● **Problem**: Among the lines of the listing below, retype exactly those from the one containing "GRILLGALLRET på 20" through the one containing "Dieses gewagte geometrische", both included. Do not include pictures.

● **Records for this task**:
################

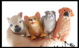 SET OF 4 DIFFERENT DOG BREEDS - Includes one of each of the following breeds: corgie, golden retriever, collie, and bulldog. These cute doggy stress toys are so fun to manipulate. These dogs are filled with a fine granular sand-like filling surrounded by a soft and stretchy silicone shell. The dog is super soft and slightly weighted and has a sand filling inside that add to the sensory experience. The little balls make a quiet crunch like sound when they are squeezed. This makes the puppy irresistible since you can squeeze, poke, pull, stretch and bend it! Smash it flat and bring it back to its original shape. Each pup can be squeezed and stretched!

################

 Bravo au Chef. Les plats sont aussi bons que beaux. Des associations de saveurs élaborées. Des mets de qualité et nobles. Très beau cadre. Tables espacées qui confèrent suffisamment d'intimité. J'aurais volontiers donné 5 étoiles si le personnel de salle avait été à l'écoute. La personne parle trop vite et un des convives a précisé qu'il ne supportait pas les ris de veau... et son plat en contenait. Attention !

################

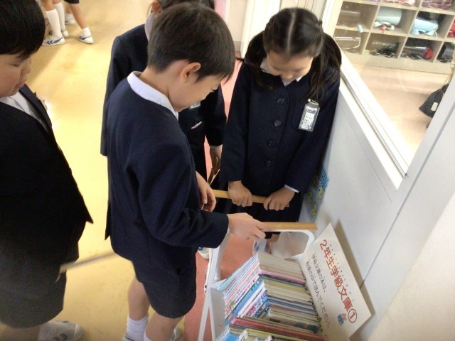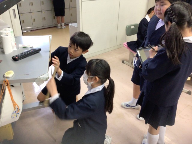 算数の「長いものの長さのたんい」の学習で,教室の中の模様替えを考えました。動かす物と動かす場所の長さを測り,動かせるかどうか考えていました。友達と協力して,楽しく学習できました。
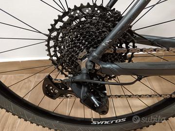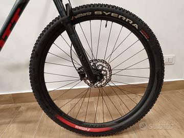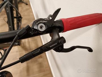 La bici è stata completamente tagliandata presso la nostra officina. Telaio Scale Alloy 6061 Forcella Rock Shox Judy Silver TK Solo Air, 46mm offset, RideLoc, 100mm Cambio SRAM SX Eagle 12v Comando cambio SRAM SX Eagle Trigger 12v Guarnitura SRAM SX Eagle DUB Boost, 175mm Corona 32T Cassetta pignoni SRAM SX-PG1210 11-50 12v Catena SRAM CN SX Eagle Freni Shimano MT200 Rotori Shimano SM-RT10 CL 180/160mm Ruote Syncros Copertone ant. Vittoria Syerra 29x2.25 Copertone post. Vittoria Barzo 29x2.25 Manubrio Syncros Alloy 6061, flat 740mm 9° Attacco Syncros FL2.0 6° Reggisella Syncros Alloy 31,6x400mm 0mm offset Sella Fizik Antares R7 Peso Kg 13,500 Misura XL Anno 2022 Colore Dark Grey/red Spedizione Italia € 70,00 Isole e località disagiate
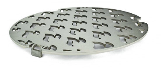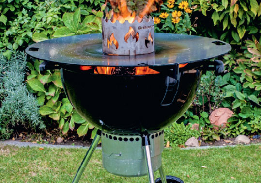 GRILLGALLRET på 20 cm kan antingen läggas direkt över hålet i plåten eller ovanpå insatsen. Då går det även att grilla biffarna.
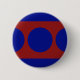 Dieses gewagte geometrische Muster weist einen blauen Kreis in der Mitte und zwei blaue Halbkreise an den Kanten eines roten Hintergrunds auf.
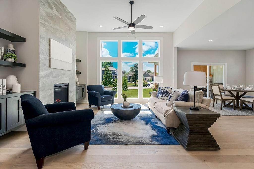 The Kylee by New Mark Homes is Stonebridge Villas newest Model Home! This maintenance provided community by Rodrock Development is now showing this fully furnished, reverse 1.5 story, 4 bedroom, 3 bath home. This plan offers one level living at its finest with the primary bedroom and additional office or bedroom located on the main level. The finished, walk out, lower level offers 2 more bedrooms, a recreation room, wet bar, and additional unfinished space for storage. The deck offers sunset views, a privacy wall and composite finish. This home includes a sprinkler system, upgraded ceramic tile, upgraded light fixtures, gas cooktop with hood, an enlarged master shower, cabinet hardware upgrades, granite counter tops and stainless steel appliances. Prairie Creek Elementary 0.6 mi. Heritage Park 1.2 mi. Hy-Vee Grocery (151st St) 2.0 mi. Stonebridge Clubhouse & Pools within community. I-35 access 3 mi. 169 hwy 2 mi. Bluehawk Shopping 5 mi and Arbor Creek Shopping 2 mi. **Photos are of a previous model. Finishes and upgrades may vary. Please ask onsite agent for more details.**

################

● **Worked solution**:
 GRILLGALLRET på 20 cm kan antingen läggas direkt över hålet i plåten eller ovanpå insatsen. Då går det även att grilla biffarna.
 Dieses gewagte geometrische Muster weist einen blauen Kreis in der Mitte und zwei blaue Halbkreise an den Kanten eines roten Hintergrunds auf.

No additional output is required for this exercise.